### REQUIREMENT
Repeat the data exactly as given below, dropping every picture.

### DATASET EXCERPT

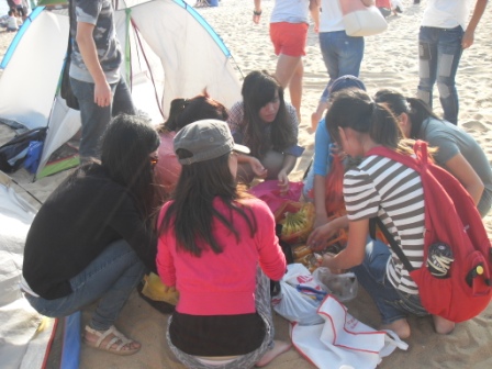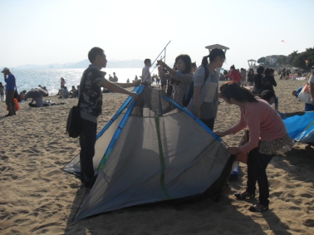 此次活动筹备充分,文娱部事先租借好了数顶帐篷,可谓是别出心裁、准备周到。伴着舒适的海风、明媚的阳光,大家齐心协力,一顶顶色彩艳丽的帐篷便出现在了沙滩上。脚踩细白的沙石,耳听动人的涛声,大家沉浸在一片欢声笑语中。
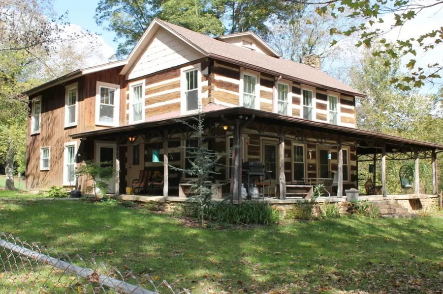 Built in 1860, legal description references property as "commonly known as The Log House Property". 2-story w/spacious rooms. Unique geode fireplace w/gas log in living rm. Master BR on main, lg dining room & kitc. Sitting area upstairs opens to 3 BR's. Covered porch wraps three sides. Chain link fence surrounds home. Big old barn & pond close by. Wooded hillside has rough road to peaceful lake (approx. 1 acre) and continues on to wide ridge top. Gorgeous. Could be purchased w/less acg (5-50).
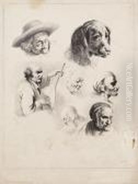 Studienblatt Mit Gitarre Spielender Halbfigur, Mannerkopfen Und Einem Hund
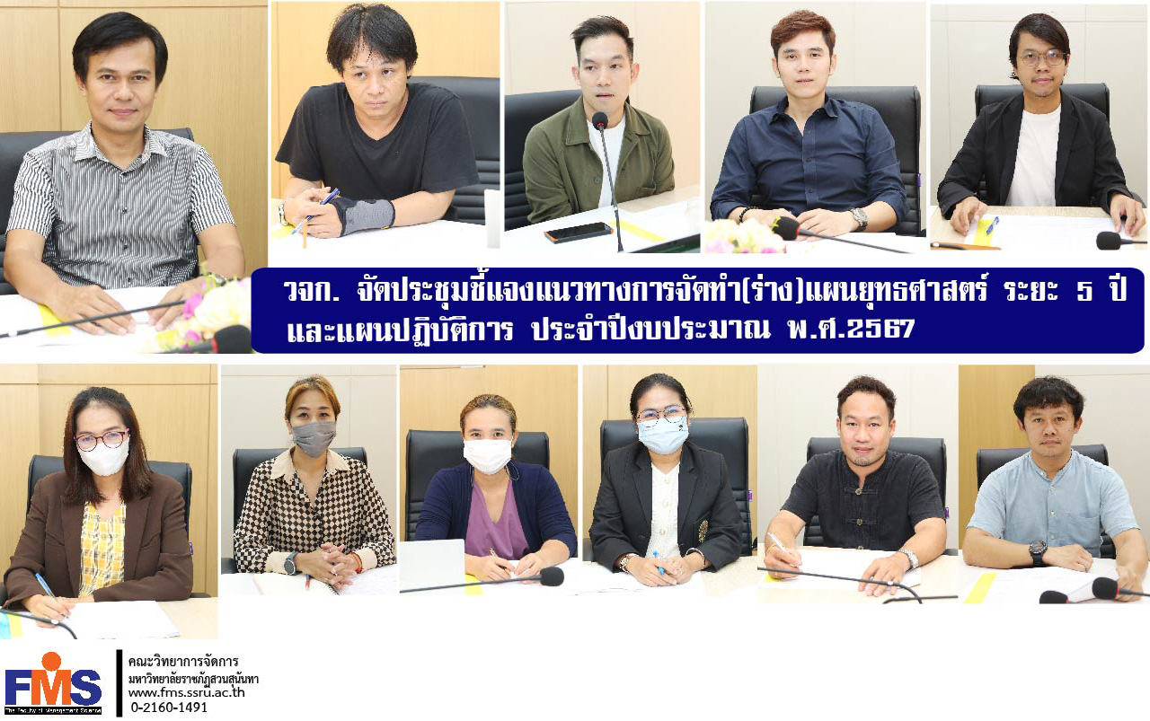 On June 16, 2023, Planning and Quality Assurance Department Faculty of Management Sciences Suan Sunandha Rajabhat University Organize a meeting to clarify the guidelines for preparing (draft) a 5-year strategic plan (2023-2027), action plan Fiscal year 2024 and (draft) annual work plan, Fiscal year 2024, with the dean of all departments head of all divisions Attended the meeting at Ruamjai Management Meeting Room Faculty of Management Sciences.

### ANSWER BOX
 此次活动筹备充分,文娱部事先租借好了数顶帐篷,可谓是别出心裁、准备周到。伴着舒适的海风、明媚的阳光,大家齐心协力,一顶顶色彩艳丽的帐篷便出现在了沙滩上。脚踩细白的沙石,耳听动人的涛声,大家沉浸在一片欢声笑语中。
 Built in 1860, legal description references property as "commonly known as The Log House Property". 2-story w/spacious rooms. Unique geode fireplace w/gas log in living rm. Master BR on main, lg dining room & kitc. Sitting area upstairs opens to 3 BR's. Covered porch wraps three sides. Chain link fence surrounds home. Big old barn & pond close by. Wooded hillside has rough road to peaceful lake (approx. 1 acre) and continues on to wide ridge top. Gorgeous. Could be purchased w/less acg (5-50).
 Studienblatt Mit Gitarre Spielender Halbfigur, Mannerkopfen Und Einem Hund
 On June 16, 2023, Planning and Quality Assurance Department Faculty of Management Sciences Suan Sunandha Rajabhat University Organize a meeting to clarify the guidelines for preparing (draft) a 5-year strategic plan (2023-2027), action plan Fiscal year 2024 and (draft) annual work plan, Fiscal year 2024, with the dean of all departments head of all divisions Attended the meeting at Ruamjai Management Meeting Room Faculty of Management Sciences.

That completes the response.